В глубинных основах русской строительной идеологии просвечивается некое негативное отношение к «миру сему», к земному плану бытия, приводящее к отказу от почвы, к отречению от «своего» (своими руками построенного) и надежде на «чужое» (готовое). Даже такой великий строитель, как Петр, не избежал соблазна странничества в чужие земли за получением готового культурного опыта. Все эти достоинства и недостатки, соблазны и уклонения русской строительной идеологии глубоко вскрыты В.Н. Топоровым, который дал развернутую характеристику такого типа русской «строительной» святости, как «труженичество во Христе»: «Прорыв к сфере "исторического" на Руси чаще (легче?) достигался подвигами духовного ха­рактера (вера, язык, литература, искусство, творения народного духа — от идеи крестьянского мира до надежды обретения Царства Божьего, с которым этот мир соотносится здесь и сейчас), чем деяниями, приводящими к созданию материально-экономических ценностей, производимых "хлеба насущного" ради, и конкретных социальных институций "исторического типа". Тем не менее было бы непрости­тельной ошибкой не заметить тот путь, на котором духовное и материальное сози­дание не только не противоречат друг другу, но и органически, целесообразно и благодатно сочетаются одно с другим, и упустить из виду тех великих подвижников на Руси, которые вступили на этот путь, успешно подвизались на нем и до конца совершили свой подвиг, понимаемый ими как выполнение долга, осознанного и продуманного, а не как решение вдруг возникшей и потому принципиально случай­ной "сверхзадачи".
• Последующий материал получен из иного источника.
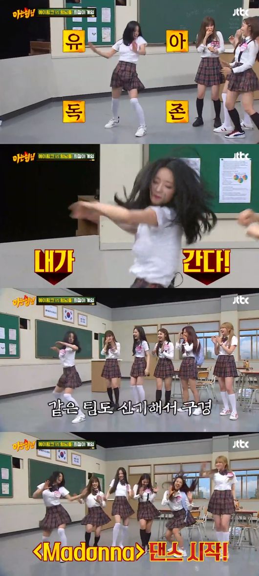 또한 오하영은 전주만 듣고 노래를 맞히는 김희철에게 “우린 노래와 춤까지 맞히기를 하겠다”고 도발했고 에이핑크와 ‘아는 형님’의 단체전이 펼쳐졌다. 오하영이 노래를 맞히고 칼군무를 선보였는데 윤보미가 시크릿의 ‘마돈나’를 추며 또 한 번 파워풀한 매력을 발산해 웃음을 자아냈다.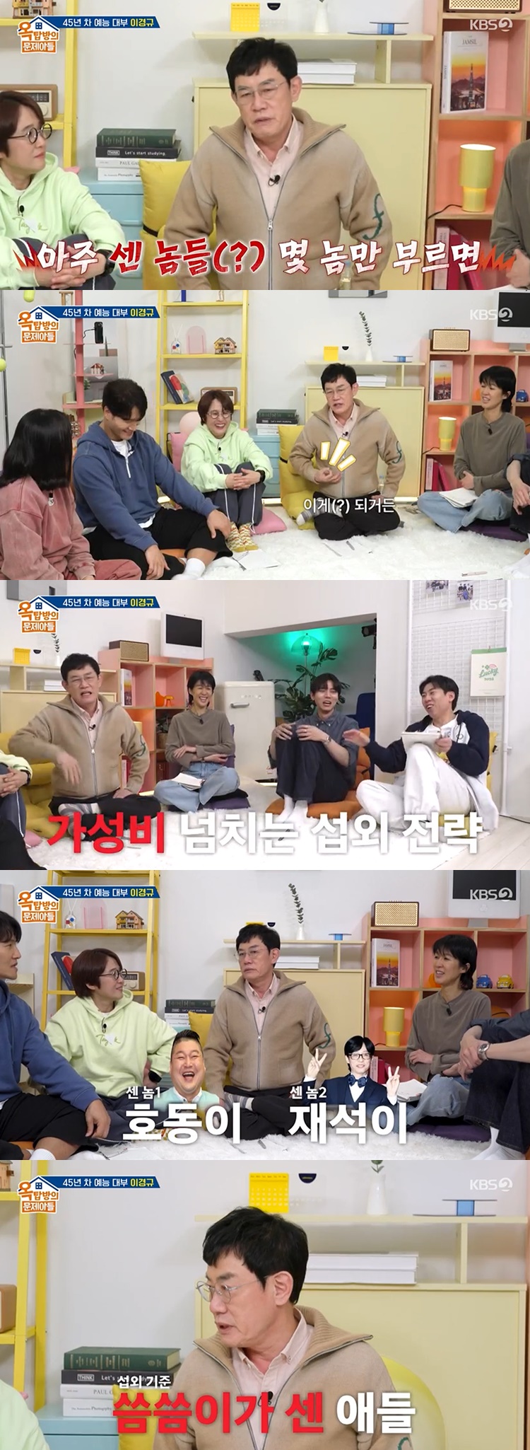 24일 방송된 KBS2 ‘옥탑방의 문제아들’에서는 베스트셀러 작가로 돌아온 이경규가 출격, 예능계에서 활약 중인 ‘옥문아’ 6MC를 향해 뼈있는 독설을 날리며 예능 대부다운 독보적인 존재감을 뽐냈다.

Этих подвижников было не так уж мало, и они свидетельствуют особый тип русской святости. Многие из них, как Феодосии Печерский, Сергий Радонежский, Кирилл Белозерский и оптинские старцы, высокочтимы. И тем не менее трудно избавиться от впечатления, что в целом русское благочестие все-таки не было до­статочно внимательным к этому типу святости. Многие подвижники на этом пути были забыты или полузабыты; их труженичество, оцениваемое, конечно, положи­тельно, но, скорее, разумом, нежели сердцем, в одной среде не находило непосред­ственного, из глубины души идущего отклика, а в другой — даже вызывало иногда небезосновательные упреки и подозрения в слишком опасном приближении к "зем­ному", "материальному", к сфере политики, светской власти, общественно-социаль­ных амбиций (ср. Алексия митрополита Московского, Иосифа Волоцкого и др.). Но даже и в связи с самыми крупными и безусловными фигурами в сонме русских святых нередко предпочитают говорить не о главном, а о производном от него, подчеркивая заслуги в "патриотической", "хозяйственно-организационной" и т. п. деятельности или, напротив, об аскетичности, мистицизме, духовных дарах и т. п. Такой подход, несомненно, грозит смещением масштабов и невольным искажением главного. А главным в этом типе святости было именно труженичество во Христе, понимаемое как творческое собирание души, духовное трезвение, забота о мире, чтобы он не остался вне света Христова, христианизация жизни, быта и самого мирского человека, "ветхого" Адама.

Святые этого типа — прежде всего строители, и их подвиг отличается некоей соразмерностью, "согласием" составляющих его начал и "работ", особой трезвос­тью, продуманностью, осмысленностью. Монастырь и мир, духовное и светское, взращивание души и христианизация политики — все это гармонично сочетается в едином целом, хотя его части никогда не сливаются воедино, оставаясь, однако,


предметом общих забот. Но и в одной, и в другой области святой подвизается, подражая Христу, подобно ему. В этом ряду русских святых на самых первых местах — фигуры двух преподобных, Феодосия Печерского и Сергия Радонеж­ского»26.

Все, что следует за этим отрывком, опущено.